Proving and preserving data integrity for pharmaceutical regulatory compliance
How important is your data? For any manufacturer, keeping good data is good for business. But for a pharmaceutical company, operating in one of the most highly regulated industries in the world, data is vital. Bad data can get a drug banned from the market - and the standards for data quality and integrity are going up.
In the last few years, a major shift in the way pharmaceutical companies are regulated has been underway at the US FDA. Bolstered by the passage of the FDA Safety and Innovation Act in 2012, the agency has stepped up inspections at foreign plants and intensified its focus on the data collected by drug manufacturers.
According to a 2016 report by the Health Research Institute, the FDA issued five citations to pharmaceutical companies for data integrity problems between 2010 and 2012. In the next three years, from 2012 to 2015, the agency issued 24 - a nearly fivefold increase.
“Data integrity violations can shut down facilities,” the authors of the report write. “Data integrity issues can lead to import bans, recalls, public warnings, detained products, delayed or denied drug approvals, lawsuits, lost business and costly remediation efforts.”
The good news, for pharmaceutical manufacturers, is that improving data integrity isn't just a way to stay on the right side of the law. Better data means better research, better decision making, smoother plant operations, faster time to approval, and ultimately better drug development.
In another 2016 paper, the Health Research Institute analyzes the risks businesses face under the FDA's new approach, but also the benefits:
“The broader use of standardized metrics by the industry will support benchmarking across sectors, potentially leading to efficiencies and improvements.
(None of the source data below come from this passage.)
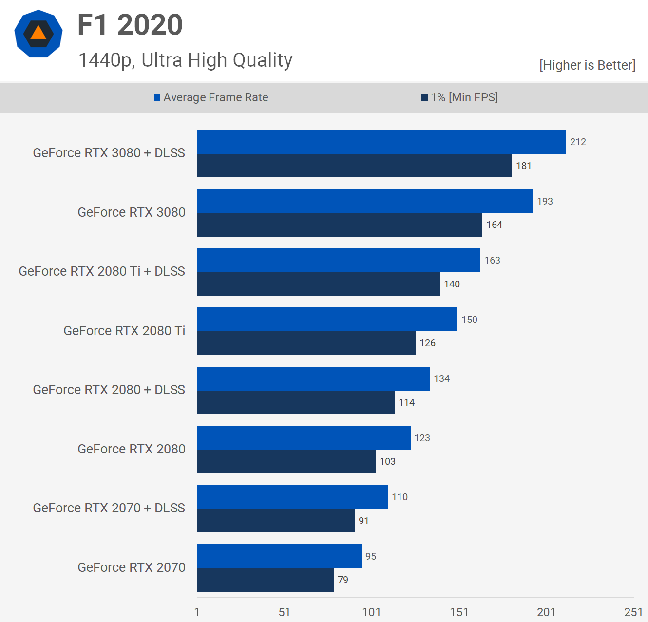 F1 2020 was recently updated to include DLSS 2.0 support. At 4K using the Ultra High quality preset, the 3080 can benefit from DLSS just as it did on Death Stranding, with a 20 percent performance gain. This allows it to be 34 percent faster than the 2080 Ti with DLSS enabled, although the acceleration gains are similar for DLSS between Turing and Ampere.
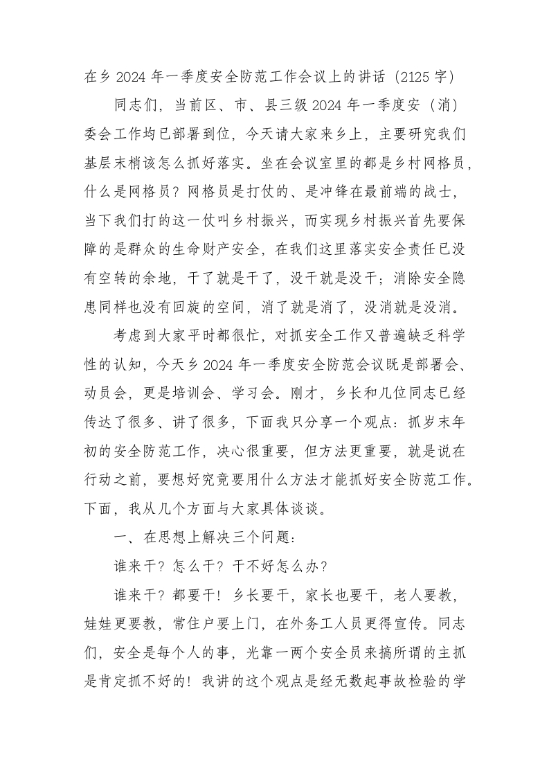 / 在乡2024年一季度安全防范工作会议上的讲话
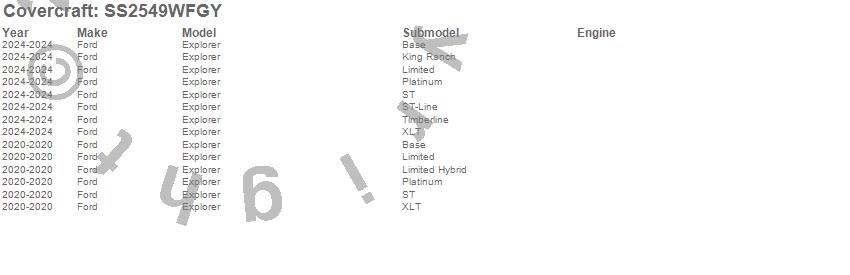 Below is an abbreviated list of applications for the SeatSaver Custom Seat Cover.Explorer, Ford, 2024, 2020
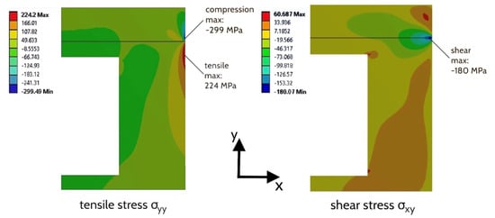 Contour plots of the stress component distributions at full heat load. Only the right half of the symmetric test component is depicted.
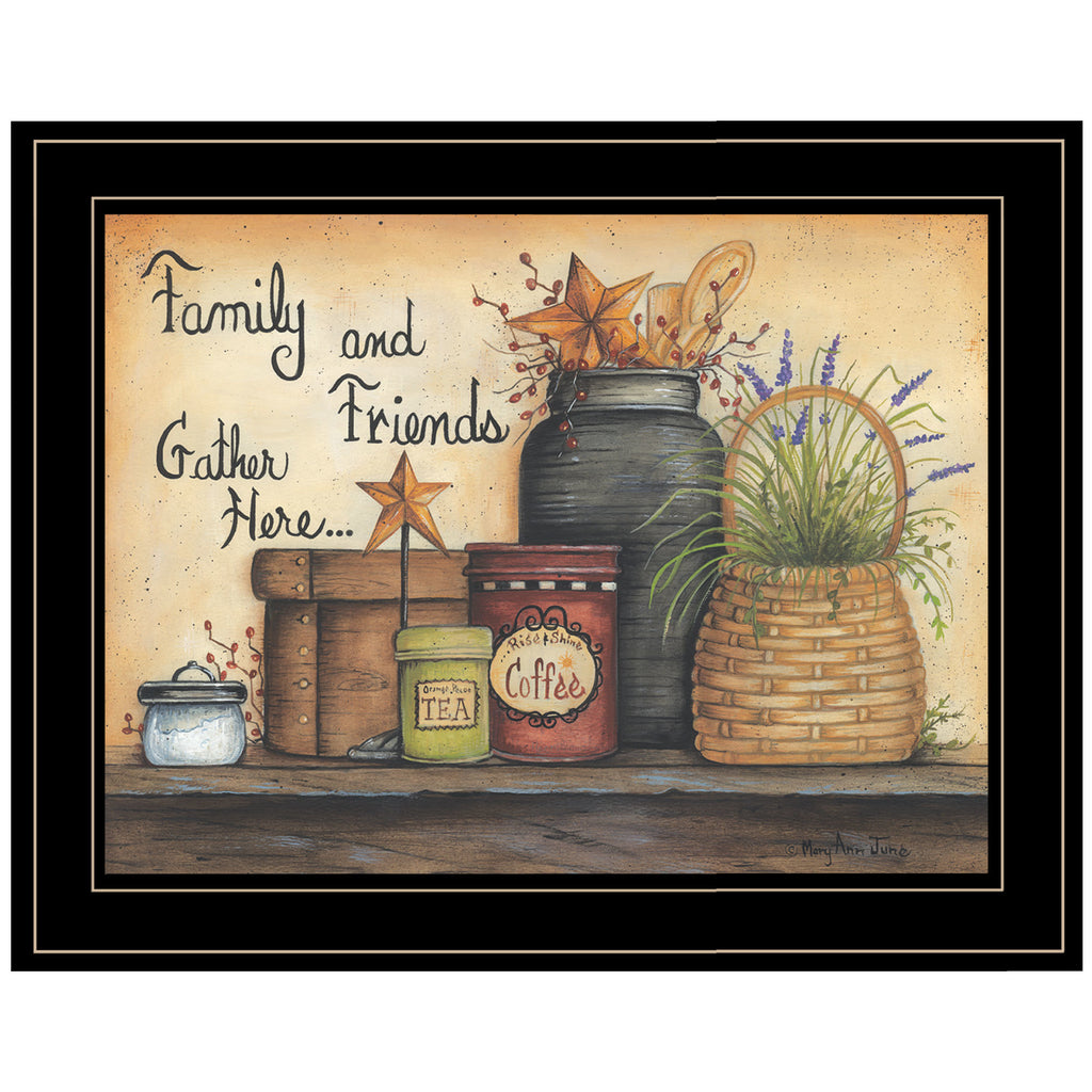 MARY332-704G "Family and Friends" is a 19" x 15" black framed art print by Mary June. This artwork features the phrase "Friends and Family Gather Here". Print shows a shelf of primitive items: basket of lavender, old tin vase, primitive star, wooden coffee containers, tea, on a beautiful wooden shelf. This totally American Made wall decor item features an decorative black frame. The framed art print has a protective, archival finish (glass is not needed) and arrives ready to hang. •Textured Artwork with a 'rolled on' acid free acrylic coating to create a canvas painting effect. No glass is necessary.•Surface of the print has a fade resistant coating.•Arrives Ready to Hang•Woman Owned Business (WBE)•Handmade in the USA•Decorative Moulding adds natural beauty to the framed art.
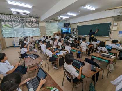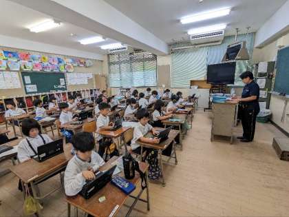 算数の授業の様子です。パソコンを使って、練習問題をしていました。パソコンなら答え合わせがすぐにできるし、間違いを分析して、個に合った問題を提示してくれますね。うまく活用しましょうね。
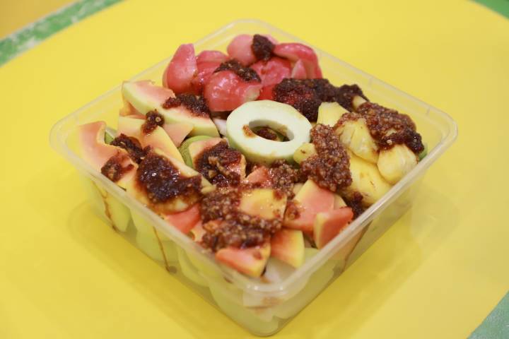 Tak hanya itu, tersedia pula berbagai pilihan bumbu rujak dengan enam varian rasa, seperti bangkok, asamboi, kacang, hingga cabai garam terasi, yang dapat disesuaikan dengan preferensi masing-masing.

The use of trusted third-parties to collect, analyze and compare data will allow companies to leverage this information.”
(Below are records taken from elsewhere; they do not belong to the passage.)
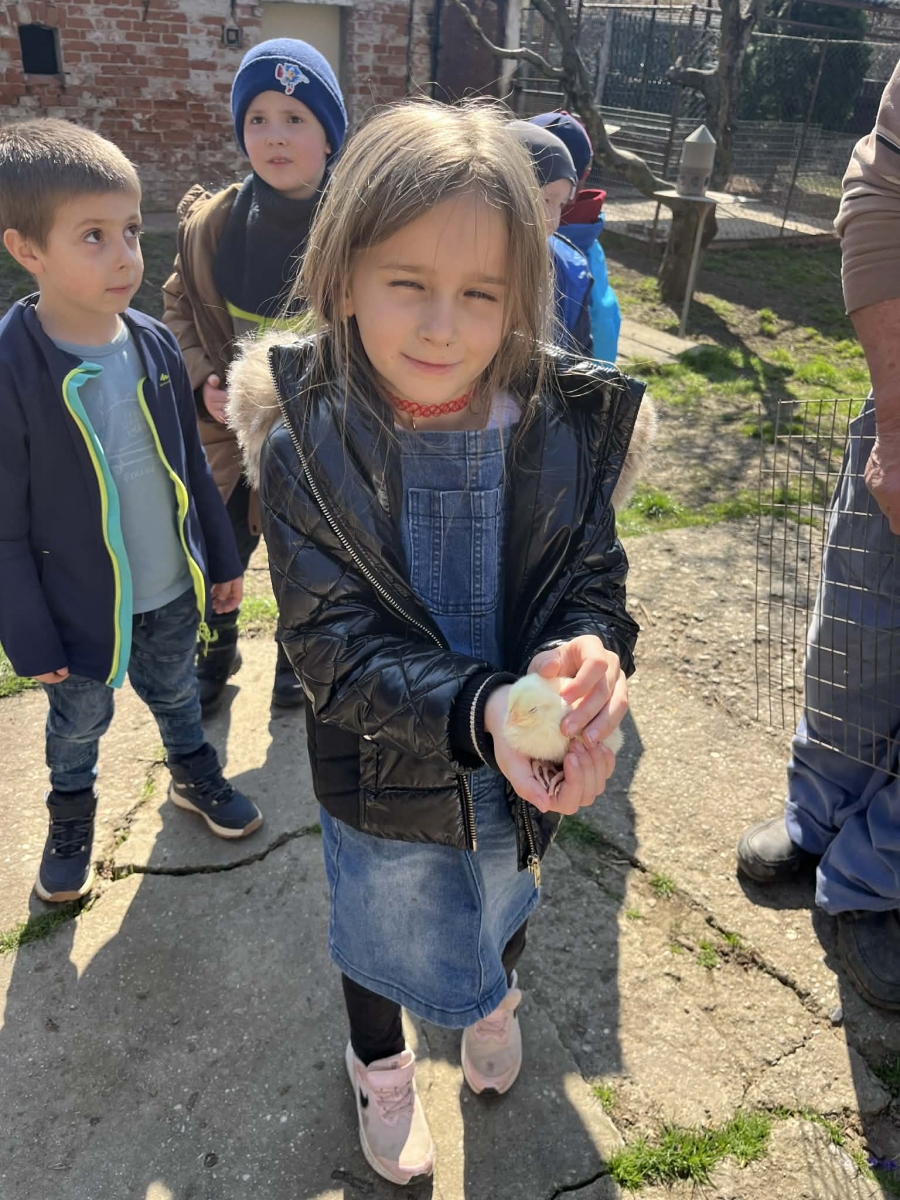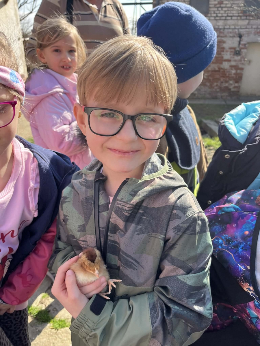 Dnešní krásný den jsme si užili naplno při procházce s dětmi, která se proměnila v milé a nezapomenutelné setkání. Měli jsme možnost podívat se na nová kuřátka, pohladit si králíky a s úsměvem pozorovat i trochu divočejší slepice a kohouta. Pro děti to byl zážitek, který jen tak nezažijí – plný radosti, zvědavosti a nových objevů.
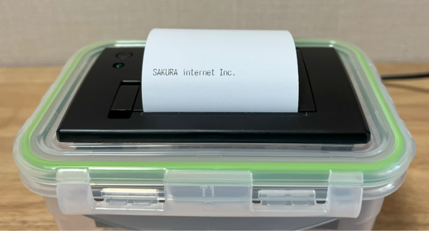 スケッチを書き込み、電源を投入することで自動的に画像ダウンロードと印刷が開始されます。(電源投入時は、動作確認としてさくらインターネットのロゴが印刷されます)
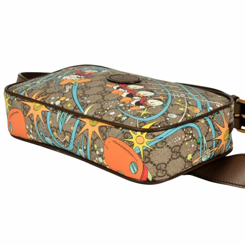 5. グッチ GUCCI ディズニーコラボ ドナルドダック ベルトバッグ ボディバッグ GGスプリームキャンバス レザー 602695 ブラウン ゴールド金具【中古】
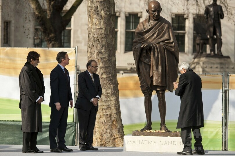 【3月15日 AFP】英ロンドン(London)の英国会議事堂前にある広場「パーラメント・スクエア(Parliament Square)」で14日、インド独立の父、マハトマ・ガンジー(Mahatma Gandhi)の銅像の除幕式が行われた。
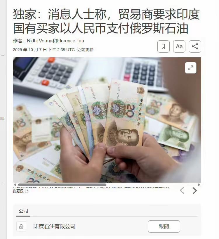 大毛要求阿三要拿人民币购买原油!大毛:卢布起码还有布,卢比只有傻比[捂脸]!大毛手中还拿着数万亿卢比,但啥也买不了,仅是一堆废纸。而阿三却把这些低价从大鹅买的原油转手卖给欧洲这个冤种大发其财! 大毛不收卢比,阿三这位“国际倒爷”印卢比换原油的好日子到头了!拿之前从欧洲赚的美元、欧元来买东大人民币吧!
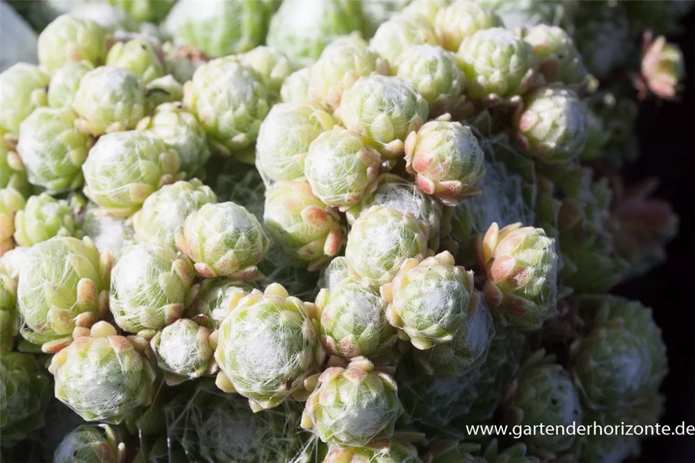 Sempervivum arachnoideum bildet karminrote Blüten ab Juni.
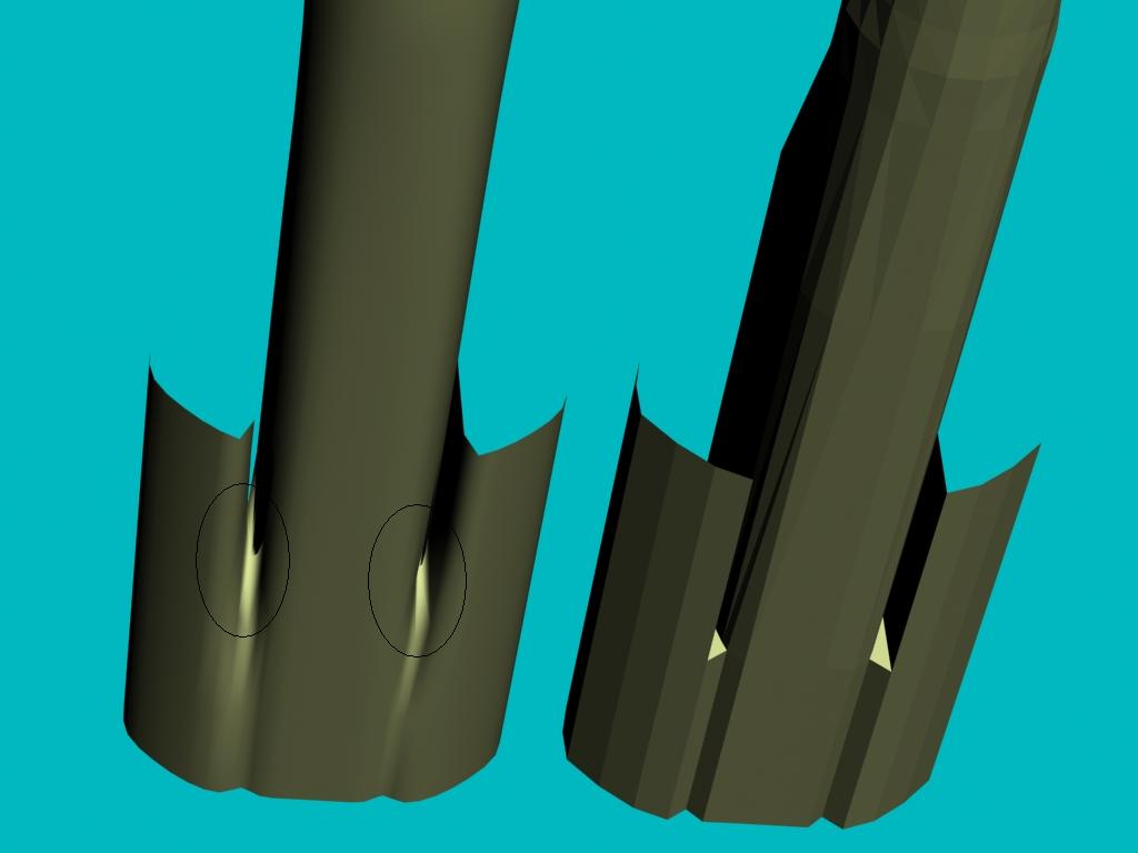 Estoy intentando modelar un Mirage 2000, que es un avión de combate, para el que no lo sepa, y sucede que este bicho tiene partes que son rectas y otras que son redondeadas, el problema es que, al aplicar TurboSmooth, me lo redondea todo salvo las caras que elimino, os pongo una imagen, a la derecha la figura con TurboSmooth y con círculos las caras que quiero que salgan planas y no me deja, a la derecha el objeto si el modificador, que hago? Gracias.

Since 1980, OSIsoft has been a source of robust data management tools for businesses in a diverse array of industries, from research to manufacturing to energy production. One of those businesses, Swiss pharmaceutical manufacturer Sandoz, has relied on OSIsoft's PI System to provide secure and sophisticated data architecture since 1996.
At an OSIsoft Users Conference in 2016, Sandoz's head of data systems, Alexander Haimayer, told attendees that the PI System plays a vital role in helping the company shine under an increasingly bright regulatory spotlight.
“We have really good inspection results,” Haimayer said, “because we have a clear story of how we do data archiving.”
For a drug manufacturer, the importance of robust and accurate data goes far beyond plant inspection results.
“In the regulated production environment, data is the evidence to our patients and health authorities that our products are safe and effective. It tells the story of a product long after it is shipped,” he said.